Act Party leader Rodney Hide put on his brave face on Friday, hoping to sweep the recent troubles of his accident-prone caucus off the political stage as he introduced his new MP, Dunedin lawyer Hilary Calvert, to the media and the country.
It's become a familiar face of late, even if its component parts - a fixed smile and slightly manic gaze - have a tinge of more desperation than bravado about them.
Yet even as Hide seeks to settle things down after the six-week circus in which the party came close to self-immolation, the picture remains of a deeply dysfunctional organisation.
Sir Roger Douglas' attempt to divert attention from Act's woes by issuing a flyer attacking the Prime Minister's "head-in-the-sand" attitude to catching up with Australia was not just laughably clumsy. It was also rather disturbing.
After being in the headlines for all the wrong reasons - a deputy leader ousted amid claims her boss was a menacing bully; the Garrett revelations and Hide's woolly attempts to dissociate himself from them - this is a time for Act to keep off the front pages and out of the limelight.
Sir Roger was doubtless seeking to wrest the party's public-image initiative back by the flyer campaign, but he looked like a man who had just taken over the primary responsibility for pursuing the party's death wish.
Extraordinarily, he told Radio New Zealand that he had not even discussed with his leader ("Rodney's busy," he explained) his proposal to launch an attack on the leader of his coalition.

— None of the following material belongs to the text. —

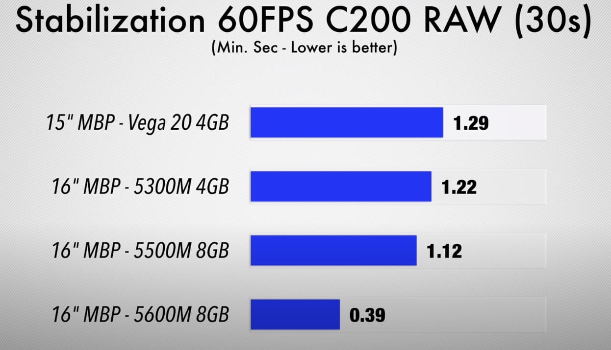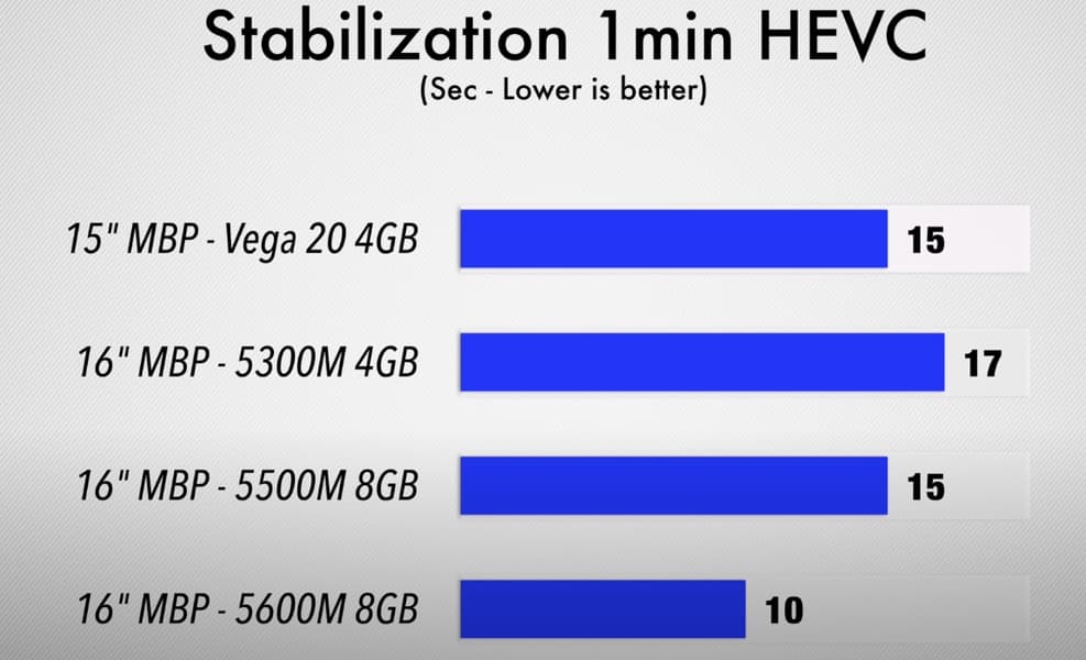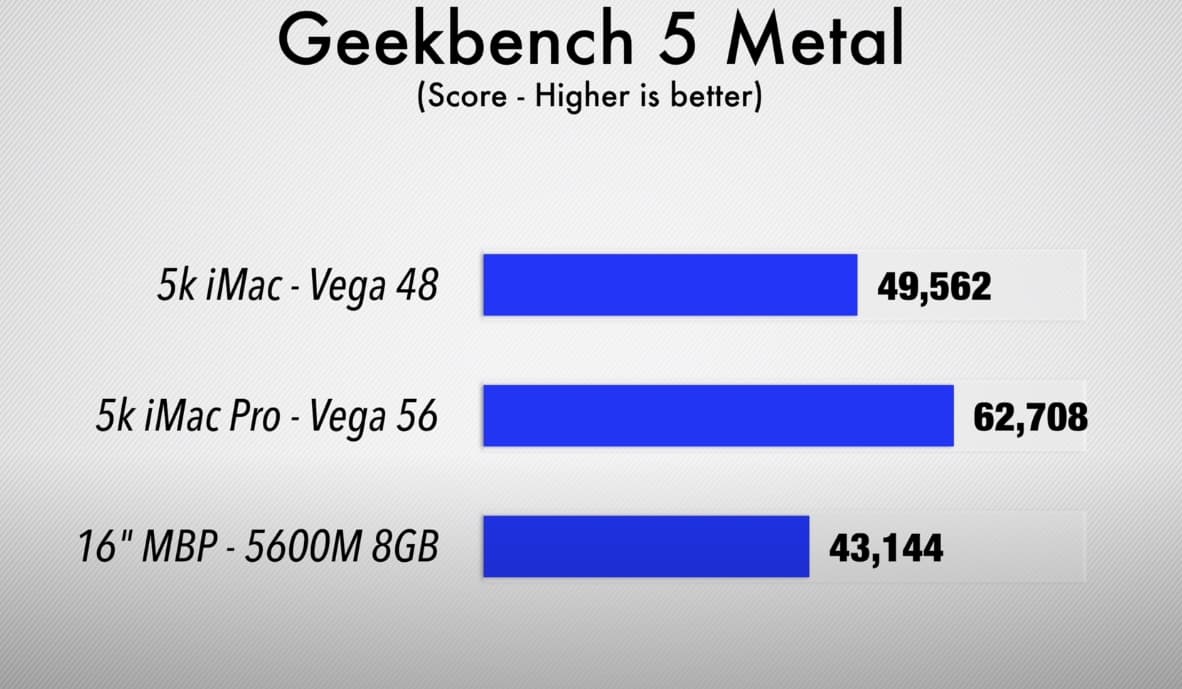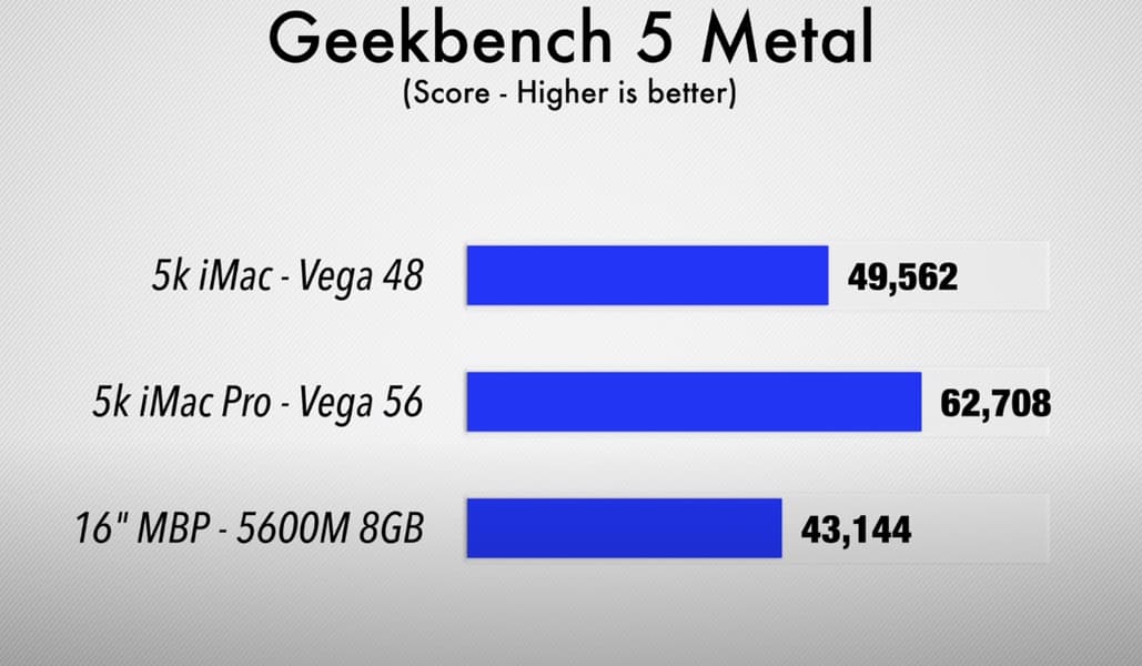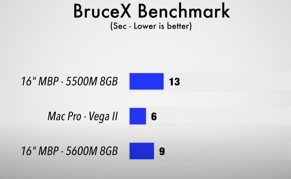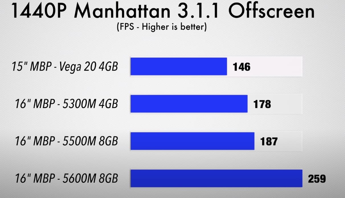 Как видим, Radeon Pro 5600M примерно в полтора раза быстрее Radeon Pro 5500M, которая ранее была топовой для ноутбука Apple. А порой превосходство намного значительнее. При этом новая карта способна порой тягаться с Radeon Pro Vega 48 и даже Vega 56 в моноблоках iMac, хотя, конечно, далеко не всегда.

When a member of a five-person caucus in a junior coalition partner teetering on the edge of political oblivion is behaving like an Opposition MP and firing at will at the Prime Minister, something is seriously wrong.
It has to be said that John Key's "Anyone except Douglas" pronouncement, which ruled out working with Sir Roger as Act leader but left the door open to anyone else, was unduly dogmatic.
Act got five seats with the deliberate connivance of National and has influence out of proportion to its share of the vote, but it is up to the electorate - specifically the voters of Epsom - to decide whether that mandate will continue. Coalition politics requires compromise, not confrontation.
But those Epsom voters will need to have very short memories indeed if they are to support Hide in next year's poll. A party that has displayed such shiftiness and hypocrisy deserves to disappear from the political landscape.